Contents
- 1. Check how you see the future
- 2. Don’t be afraid to be funny
- 3. Talk to yourself
- 4. Play with each other
- 5. Adhere to the principle of “be realistic – demand the impossible”
- 6. Share important things with each other
- 7. Don’t show your partner the bill
- 8. Don’t be afraid to get old
- 9. Talk about feelings
- 10. Work with annoyance
- 11. Learn to Express Your Thoughts Directly
- 12. Before asking a partner a question, ask yourself
- About expert
Among the many rules for two that can be carved on tablets – or at least written on a cheat sheet – coach Leonid Krol identifies 12 “points of value.”
1. Check how you see the future
This can be done either orally, to yourself, or out loud, with a partner. One option is to think something over, write it down on paper, and then discuss it with a partner. And the most ingenious solution is to make it in the form of a love letter. Even if it seems ridiculous and your current relationship does not imply this.
2. Don’t be afraid to be funny
More humor and smiles. These fish swim only in clean water. If you are too serious, demanding a lot, out loud and to yourself, check if it’s time to clear the pond of mud.
3. Talk to yourself
This is different from “repeat-mumble records”. Take breaks, cultivate a time when you have nothing to do and you can look in the mirror and be honest with yourself.
4. Play with each other
More common games with a partner, but in such a way that the emotions are real and the joy is new. Make up games! Do not be consumers, creativity is more than appropriate here. Make something together (saw firewood without getting tired), play table tennis, dance. Spend time together, thereby signing the importance of this “superfluous and random, but so necessary.”
5. Adhere to the principle of “be realistic – demand the impossible”
Imagination and desires are what revitalizes you and loved ones. Demand quietly, but in such a way that it can be heard. And if they don’t hear you, then maybe it’s you.
There are two buckets on the “yoke of life” that you carry: a bucket of imagination, your inner world, and a bucket of realism. It’s good when you can balance and carry them easily. Share both with your partner, but don’t forget to use your imagination, no matter which “bucket” you prefer right now.

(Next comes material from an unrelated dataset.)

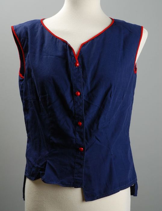 Blouse, donkerblauwe katoen, rode bies, rode knopen,...

If it seems to you that the other has lost the ability to love, check if you yourself know how to love, “here and now”
7. Don’t show your partner the bill
If you have begun to consider who and what gives and what is missing, know that this is just your anxiety turned on. Focus on it, not on what you think is content. When a person “sorts things out”, he is overwhelmed with them, and it seems to him that he is acting, but in fact he is walking in a circle.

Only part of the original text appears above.